# Work instructions
Please give back the lines from the line containing "Larva de Trichinella" through the end of the listing below, exactly as written and without pictures.

···

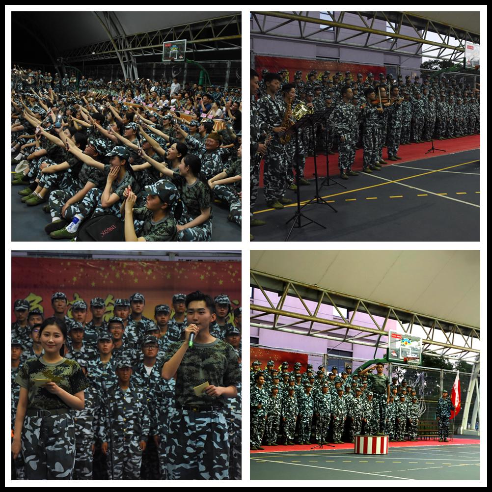 本网讯 7月16日晚,2017级本科生军训团红歌会在风雨篮球场隆重举行。
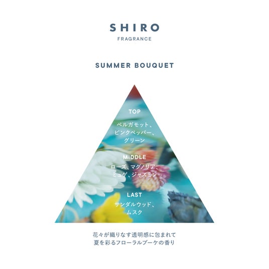 澄んだ青空と、やわらかな風、そしてまばゆい光を浴びて咲き誇る花々。SHIROらしく夏のフローラルを束ねた「サマーブーケ」の香りに包まれて、心はずむ太陽の季節を、清々しくお過ごしください。
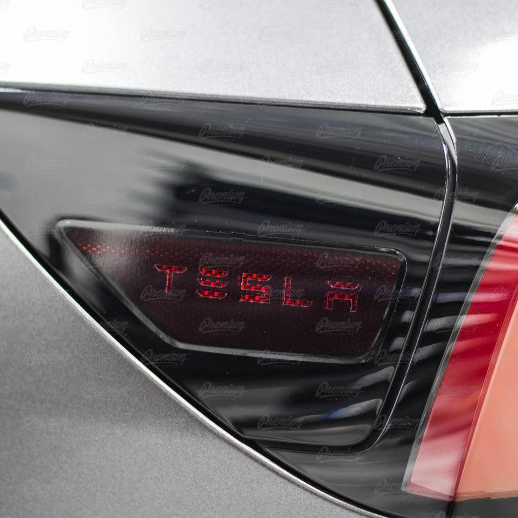 Rear Side Reflectors with "TESLA" text Cut-Out - Smoke Tint | 2017+ Tesla Model 3
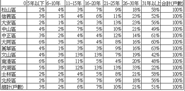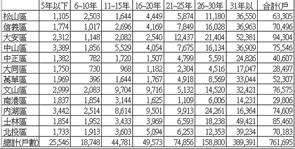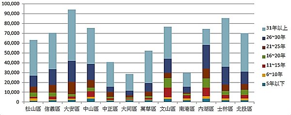 供給面是過去最少被探討的部分。以下三張圖表說明了台北市目前房屋供給的情況,結論就是:台北市屋齡嚴重老化,而且已經到了不處理不行的程度。目前台北市有超過一半的房子屋齡大於三十年,而次多的區塊是26~30年佔了兩成、再其次的是21~25年佔了一成。
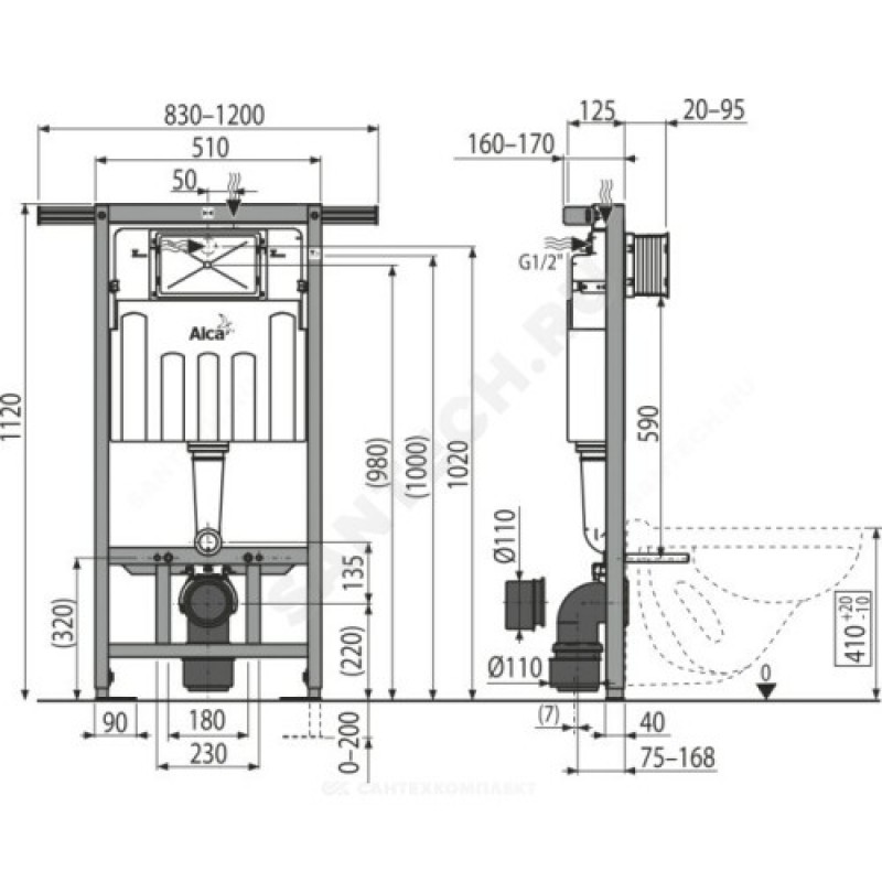 | Расстояние между креплениями сантехнического прибора | 180/230 мм |
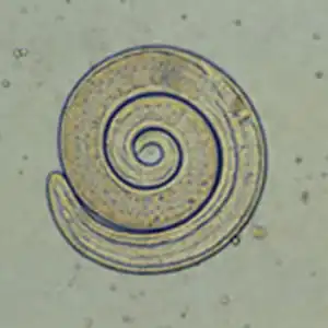 Larva de Trichinella spiralis con su típica forma de caracol. | ||
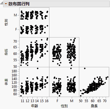 「散布図行列」ウィンドウには、二変量のグラフの行列が表示されます。個々のグラフは、2つの変数の関係を示しています。

···

# Answer box
 Larva de Trichinella spiralis con su típica forma de caracol. | ||
 「散布図行列」ウィンドウには、二変量のグラフの行列が表示されます。個々のグラフは、2つの変数の関係を示しています。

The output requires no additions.